With both products expected to launch by 2028, the revenue ramp-up is expected to begin in the latter half of the decade. In 2025–2026, Silo will remain in R&D mode (ongoing trials, no products on market), so no revenue is expected. 

SPC-15 (PTSD)

  • The global PTSD market has been lacking new treatments for over 20 years, and SPC-15 could be the solution it needs. Assuming clinical trials go well and the drug gets approved, SPC-15 could start generating around ~$10 million a year by 2028, with the potential to grow to ~$30 million by 2030 as more patients are treated.

SPC-26 (Fibromyalgia)

  • SPC-26 offers a new option for treating fibromyalgia pain, with a potential launch in late 2029. The first year may see modest revenue (around $5 million) if launched Q4 2029, but it has strong long-term growth potential. If Silo retains the rights, the company could also earn royalties or sales from any global licensing agreements.

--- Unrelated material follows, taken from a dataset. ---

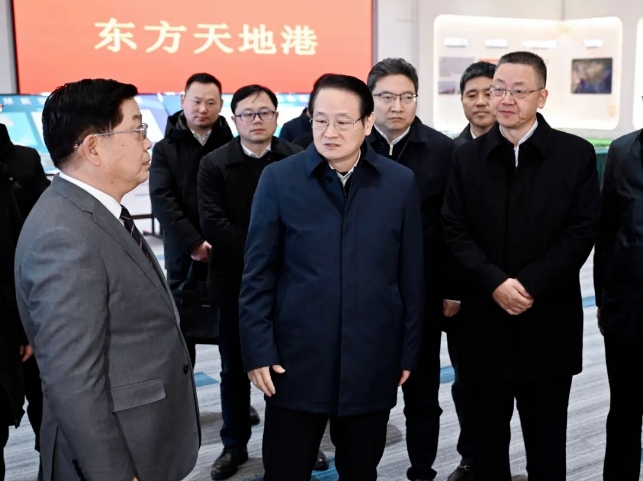 12月25日,浙江省委书记易炼红赴嘉兴全球航空物流枢纽、东方天地港建设现场,了解项目推进情况。潮新闻记者 胡元勇 摄

SPC-14 (Alzheimer’s) and SPU-16 (MS)

  • While these treatments are still in the early stages, they hold significant future value. If SPC-14 is licensed out after Phase 1, it could bring in non-dilutive cash. SPU-16 may also create additional revenue through its innovative delivery system.

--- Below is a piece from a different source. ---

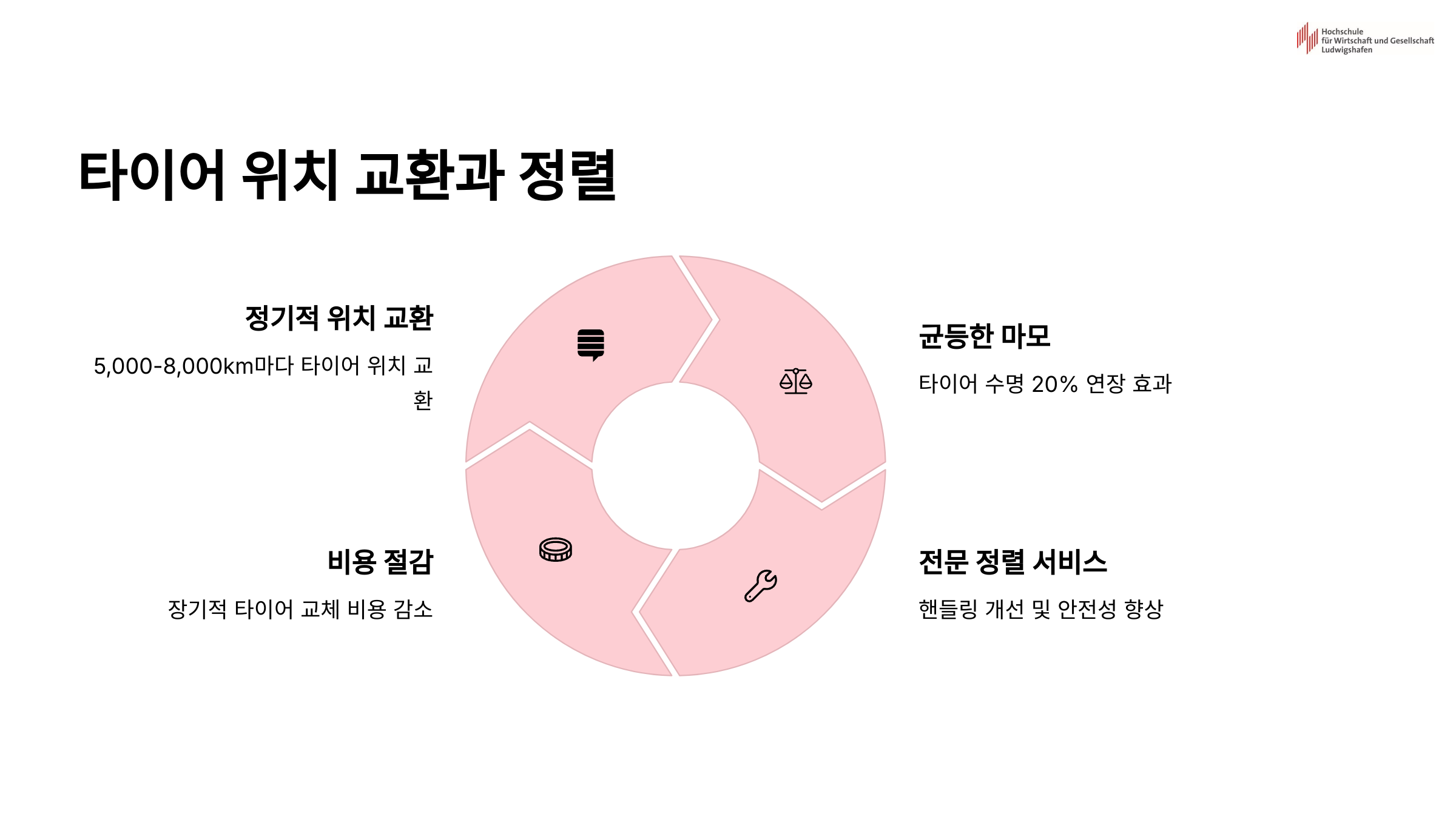 위치 교환은 보통 8,000~10,000km마다 해주는 것이 좋아요. 앞뒤만 바꾸는 게 아니라, 교차 방식(X자 형태)으로 교환하면 전체 마모 균형을 맞추는 데 더 효과적이에요. 4륜구동 차량도 예외는 아니랍니다.

As Silo continues to move through the clinical development process, the pipeline will keep growing in value. With the right partnerships and successful regulatory milestones, Silo is well-positioned for steady growth in both domestic and international markets.

Partnerships Will Help Accelerate Development

The collaborations with academic institutions like Columbia University and the University of Maryland are expected to provide continued access to state-of-the-art research and new discoveries. 

These partnerships, along with ongoing regulatory support from Kymanox, will help accelerate the development of Silo’s clinical programs, while also positioning the company for potential licensing deals and strategic partnerships with larger pharmaceutical firms. 

These relationships will allow Silo to leverage external expertise and funding, ensuring that its programs meet the regulatory standards required for success in global markets.

Risks

Silo presents a unique investment opportunity with transformative potential in the healthcare space, but the journey is not without risks.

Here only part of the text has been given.